PROBLEM REQUIREMENTS ▸ Reproduce exactly the lines from the one containing "11月29日,工人在唐山市海港经济开发区的一家出口金属板材企业车间吊运钢坯。" through the last line of the records below, both included. Leave out any pictures.

(Records drawn from a dataset)
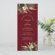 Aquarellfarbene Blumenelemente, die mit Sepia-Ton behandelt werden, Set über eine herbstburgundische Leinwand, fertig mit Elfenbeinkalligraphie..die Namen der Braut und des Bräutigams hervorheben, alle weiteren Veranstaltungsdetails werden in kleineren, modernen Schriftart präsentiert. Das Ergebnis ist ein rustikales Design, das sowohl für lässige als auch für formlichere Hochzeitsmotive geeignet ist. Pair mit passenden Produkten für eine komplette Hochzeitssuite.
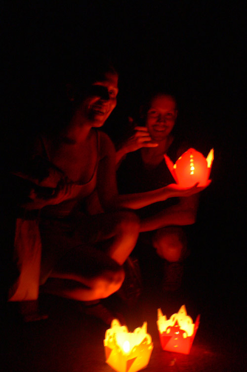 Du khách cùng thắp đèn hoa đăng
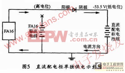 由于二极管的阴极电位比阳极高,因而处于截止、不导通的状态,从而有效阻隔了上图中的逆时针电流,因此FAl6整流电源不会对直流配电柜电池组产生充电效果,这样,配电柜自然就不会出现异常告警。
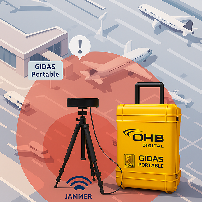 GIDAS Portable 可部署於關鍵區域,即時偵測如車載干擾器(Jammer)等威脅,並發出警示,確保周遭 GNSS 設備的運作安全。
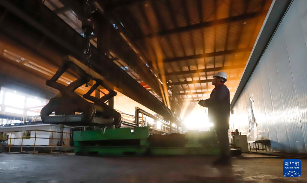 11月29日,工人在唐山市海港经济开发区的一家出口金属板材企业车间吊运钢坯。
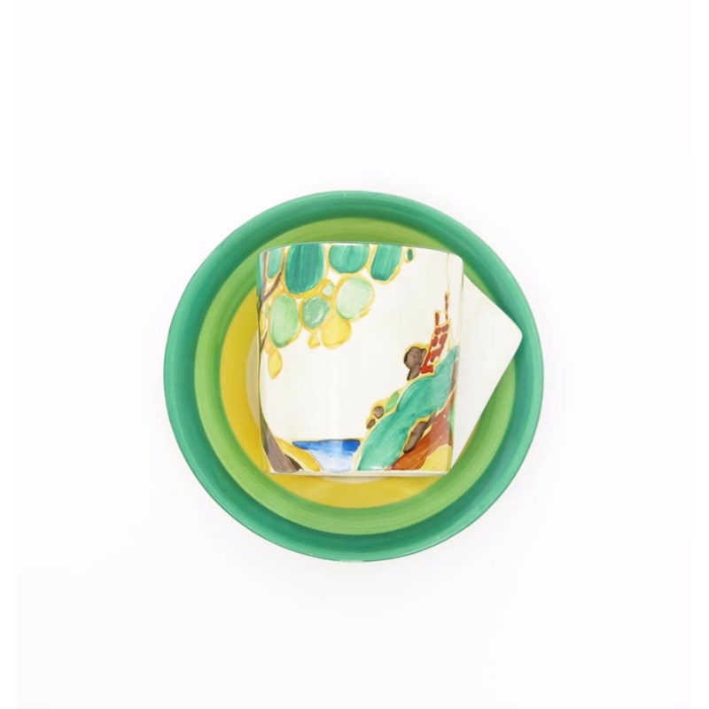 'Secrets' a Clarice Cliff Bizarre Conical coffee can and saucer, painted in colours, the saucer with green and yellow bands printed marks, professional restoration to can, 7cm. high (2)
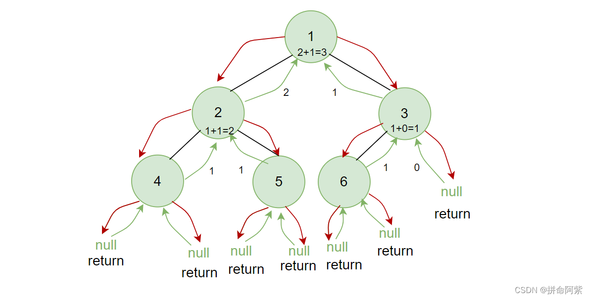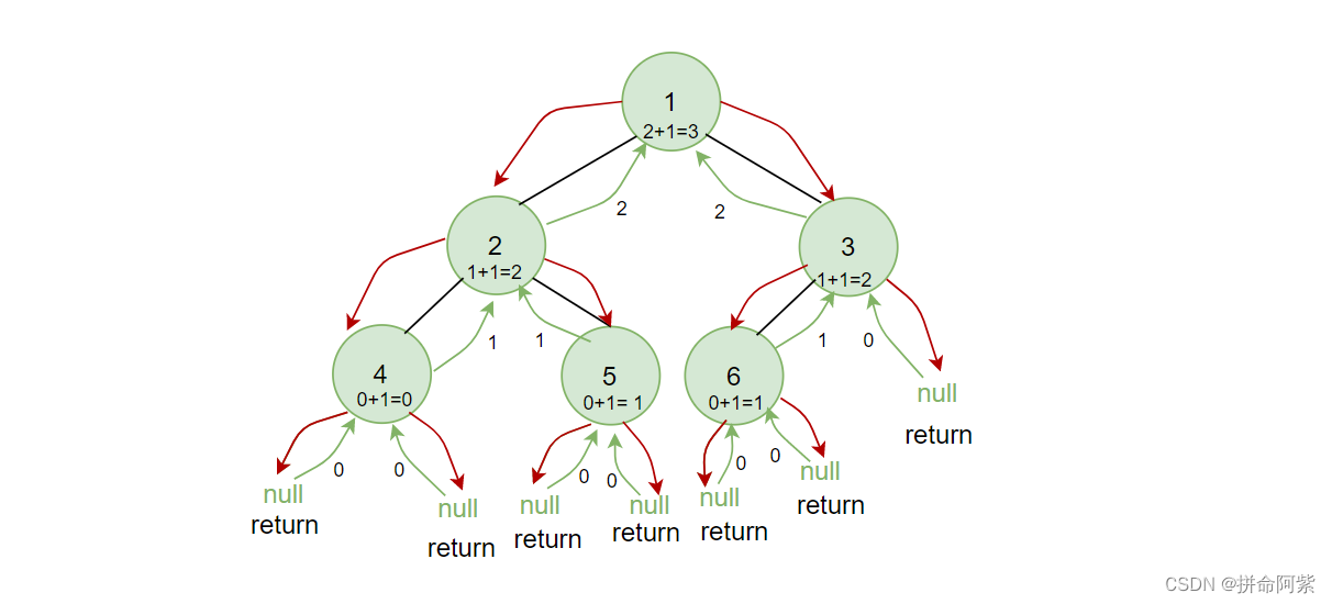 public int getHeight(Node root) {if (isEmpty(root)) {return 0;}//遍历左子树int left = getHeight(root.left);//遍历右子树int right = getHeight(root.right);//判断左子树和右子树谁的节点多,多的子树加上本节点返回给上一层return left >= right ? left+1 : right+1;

REPLY TO THE EXERCISE ▸
 11月29日,工人在唐山市海港经济开发区的一家出口金属板材企业车间吊运钢坯。
 'Secrets' a Clarice Cliff Bizarre Conical coffee can and saucer, painted in colours, the saucer with green and yellow bands printed marks, professional restoration to can, 7cm. high (2)
 public int getHeight(Node root) {if (isEmpty(root)) {return 0;}//遍历左子树int left = getHeight(root.left);//遍历右子树int right = getHeight(root.right);//判断左子树和右子树谁的节点多,多的子树加上本节点返回给上一层return left >= right ? left+1 : right+1;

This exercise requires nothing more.